Несмотря на все усилия, весьма героические, "проверяющие" самостоятельно забраться на броню не смогли, поочередно скатываясь с нее. Пришлось грузить их вручную.
Когда с погрузкой вещей, Полукрымского, и Стигматика было покончено, Женька вывела из избы, осторожно поддерживая под руку, Очень Ветхого Колупаева. Что самое странное, так это то, что Плаксин, несмотря на непрекращающееся брюзжание, весьма старательно помогал в погрузке. В танк он влез последним, оставшись стоять во весь рост, высунув голову из башни, сурово и зорко оглядывая окрестности.
Женька что-то повертела, что-то покрутила, мотор зачихал, заворчал, и танк - двинулся! Через некоторое время дорога соскользнула под горку и запетляла по лесу, где за одним из поворотов ее перегородило бревно, положенное поперек.
– Опять дед Мазаев фулиганит.
– заворчал Плаксин.
– Какой еще дед Мазаев?
– недовольная потерей времени, проворчала Женька.
– Да есть тут у нас один бессменный партизан, все никак не навоюется.
– пояснил проспавшийся Стигматик.
– Что же он, с самой войны партизанит? Может, ему не сказали, что война кончилась?
– забеспокоился альтруист Фуняев.
– Да все он, дармоед, знает. Ему из леса вылезать неохота. Вылезет работать придется, а он это дело страсть как не любит. А так выскочил из леса, напугал прохожих, отдали ему, что у них было, и до следующего раза в нору - жрать. Ни забот, ни хлопот...
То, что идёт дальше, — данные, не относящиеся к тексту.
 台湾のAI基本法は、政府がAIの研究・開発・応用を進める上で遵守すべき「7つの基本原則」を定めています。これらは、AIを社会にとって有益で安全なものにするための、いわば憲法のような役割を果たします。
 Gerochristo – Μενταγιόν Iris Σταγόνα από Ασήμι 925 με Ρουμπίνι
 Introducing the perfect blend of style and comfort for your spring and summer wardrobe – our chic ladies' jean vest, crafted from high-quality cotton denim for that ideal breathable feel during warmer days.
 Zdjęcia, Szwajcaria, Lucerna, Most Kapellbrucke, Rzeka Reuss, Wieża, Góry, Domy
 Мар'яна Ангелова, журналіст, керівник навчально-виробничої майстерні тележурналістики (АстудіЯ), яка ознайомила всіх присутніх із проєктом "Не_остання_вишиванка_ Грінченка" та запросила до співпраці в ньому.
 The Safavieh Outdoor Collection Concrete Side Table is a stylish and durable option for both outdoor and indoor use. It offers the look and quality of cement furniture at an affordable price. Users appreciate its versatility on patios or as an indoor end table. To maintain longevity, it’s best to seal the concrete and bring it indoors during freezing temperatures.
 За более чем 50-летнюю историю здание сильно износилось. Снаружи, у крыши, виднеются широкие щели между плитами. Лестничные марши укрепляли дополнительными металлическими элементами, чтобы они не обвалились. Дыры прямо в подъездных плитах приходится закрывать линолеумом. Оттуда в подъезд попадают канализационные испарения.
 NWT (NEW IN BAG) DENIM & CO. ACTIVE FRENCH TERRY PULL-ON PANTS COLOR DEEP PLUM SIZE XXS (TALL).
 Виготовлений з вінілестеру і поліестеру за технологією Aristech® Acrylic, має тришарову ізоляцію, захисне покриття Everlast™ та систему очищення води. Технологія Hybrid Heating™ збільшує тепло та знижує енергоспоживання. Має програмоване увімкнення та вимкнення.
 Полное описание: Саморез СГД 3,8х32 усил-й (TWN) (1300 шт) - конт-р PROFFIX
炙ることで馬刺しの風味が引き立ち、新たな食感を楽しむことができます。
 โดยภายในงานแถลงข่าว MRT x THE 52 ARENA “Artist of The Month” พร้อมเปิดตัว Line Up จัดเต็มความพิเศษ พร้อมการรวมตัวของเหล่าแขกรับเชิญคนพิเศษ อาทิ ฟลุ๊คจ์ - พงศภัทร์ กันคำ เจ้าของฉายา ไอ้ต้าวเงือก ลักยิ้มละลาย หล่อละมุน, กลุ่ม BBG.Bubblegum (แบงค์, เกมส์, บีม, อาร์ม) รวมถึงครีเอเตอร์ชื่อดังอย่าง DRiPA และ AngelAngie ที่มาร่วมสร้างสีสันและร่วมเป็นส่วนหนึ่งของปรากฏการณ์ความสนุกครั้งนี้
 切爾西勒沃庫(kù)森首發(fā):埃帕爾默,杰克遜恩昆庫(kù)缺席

Очухавшийся следом за Стигматиком Полукрымский выслушал рассказ Стигматика, молча втянул за штаны торчащего из танка
Плаксина внутрь, сам же вылез на броню и заорал на весь лес:– Эй, дед! Выходи! Выходи, сморчок старый, портянка занюханная! Выходи, пока я тебя за уши не вытащил, пенек трухлявый!
Кусты у обочины зашевелились, и на дорогу вышел дед, одетый в китайский, до самых пяток, пуховик, джинсы, а на голове имел ветхую буденовку. В руках он держал берданку, а на груди у него висел новенький транзистор.
– Вы чего это тут шуметь удумали? Заслуженному партизану сопротивление оказываете?
– Попробовал зашуметь дед, опасливо косясь на внушительную фигуру Полукрымского.
– Ты, дед, мне мозги не пудри!
– оборвал тот причитания деда.
– Ты же, гад, радио слушаешь, как же ты не можешь знать, что война кончилась?!
– Как это так - кончилась?!
– возмутился дед.
– Я как эту штуковину не включу - все время война, все воюют. А я что - рыжий?! Везде война происходит, вот слушай...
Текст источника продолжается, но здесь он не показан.